Southeastern Section - 64th Annual Meeting (19–20 March 2015)

Paper No. 39
Presentation Time: 8:00 AM-12:00 PM

MICROSTRUCTURAL EVIDENCE OF CYCLIC HYDRAULIC AND CATACLASTIC BRECCIATION IN A DILATIONAL FAULT ZONE, JERVOIS RANGE REGION, CENTRAL AUSTRALIA


FOWLER, Alicia, Program for the Study of Developed Shorelines, Western Carolina University, Cullowhee, NC 28723 and WATERS-TORMEY, Cheryl, Geosciences & Natural Resources, Western Carolina University, Cullowhee, NC 28723, amfowler4@catamount.wcu.edu

Hydraulic and cataclastic (fault) brecciation are important processes influencing fault zone strength and mineralization. However, outcrop and microstructural studies of single-event breccia zones have yet to establish microstructural criteria distinguishing between these two brecciation processes, which is important in assessing whether both occurred to form one breccia zone.

The Jervois Range region of central Australia has experienced Proterozoic mineralization involving hydrothermal remobilization, making it an ideal area to study the structural setting of brecciation and possibly associated mineralization. NW-SE striking fault breccia zones originated during Neoproterozoic intracontinental basin formation and currently dextrally offset Paleozoic basin strata. Slickenlines plunge gently NW and SE. Oblique quartz dikes adjacent to, and truncating against, the breccia zones with tension gash geometry indicate dextral shear. The fault zones contain hematite-quartz breccia, with no clasts of host rocks observed. The breccia zones are characterized by fine-grained, purple-red (hematite rich) domains, cm- to dm-scale clasts, and cm-scale discontinuous quartz veins. Locally, across gradients perpendicular to the zone boundaries, the percentage of fine-grained material increases as the average clast size decreases.

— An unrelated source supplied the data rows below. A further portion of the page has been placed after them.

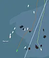 De første båtene nærmer seg stillebeltet. Å finne den riktige veien gjennom vil være avgjørende på resultatlisten de kommende dager. Loick Peyron ligger lengst vest av de tre første, noe som var best når Volvo Ocean Race båtene var i samme område for noen uker siden.
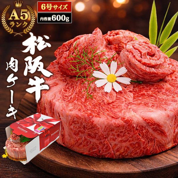 肉ケーキ A5 松阪牛【600g / 3〜4人用】プレゼント 最高級A5ランク 肩ロース しゃぶしゃぶ すき焼き用スライス肉 モモ肉 焼肉用 2種食べ比べ 6号サイズ 送料無料 黒毛和牛 牛肉 お肉 BBQ 松坂牛 誕生日ケーキ 甘いもの苦手 変わり種 食べ物 お年賀 ホワイトデー ギフト
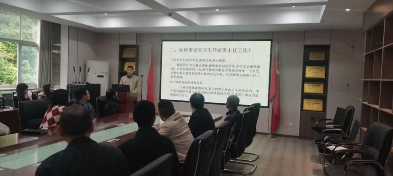 最后,校内指导老师李柏林老师作了如何指导实习生开展班主任工作的专题讲座。
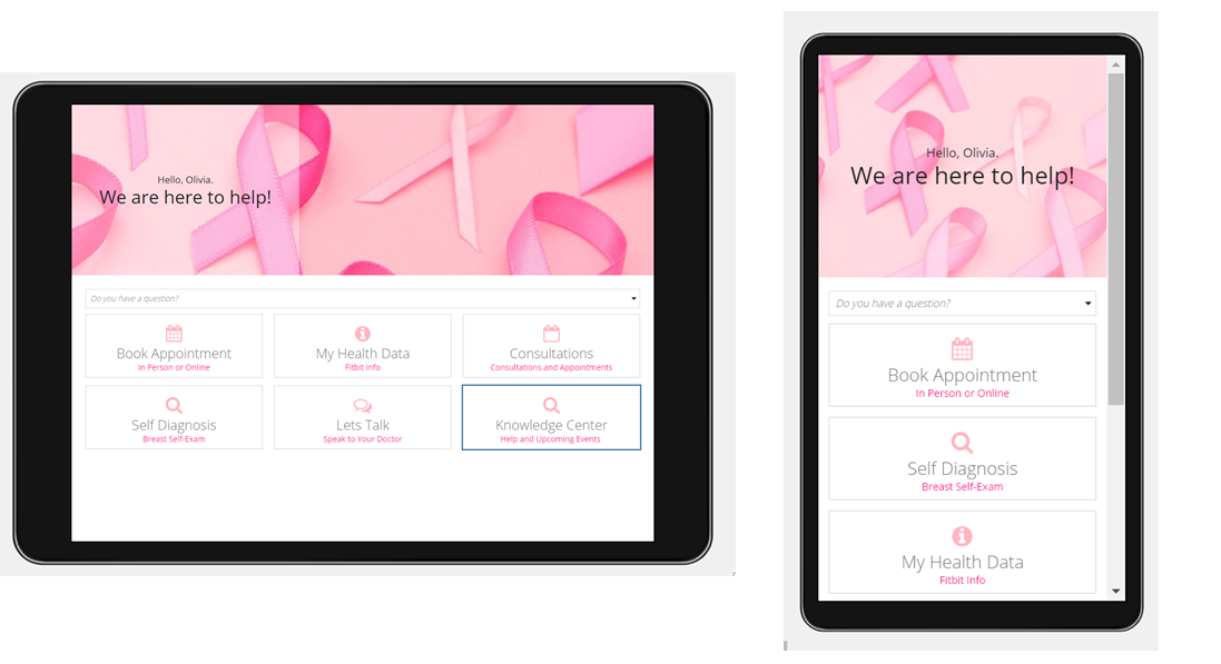 Patient landing page - mobile / tablet app

Representative breccia samples have been used to catalog microstructures indicative of cataclasis or hydraulic brecciation and cross-cutting relationships between them. Microstructural relationships within the clasts include (1) white quartz matrix containing clasts of fine-grained hematite-rich domains and (2) fine-grained hematite-rich matrix containing white quartz clasts. The hematite-rich domains are overall finer grained and contain smaller quartz clasts, a texture similar to fault zone gouge. Discontinuous veins observed in the field are dilational antitaxial quartz veins. These microstructures are tentatively interpreted to represent (1) hydraulic brecciation, (2) cataclastic brecciation, and (3) static crystallization in veins. Since clasts include each of these relationships, at cm- and m-scale, this in addition to field relationships are all interpreted to represent cycles of both brecciation processes in a dilational shear zone.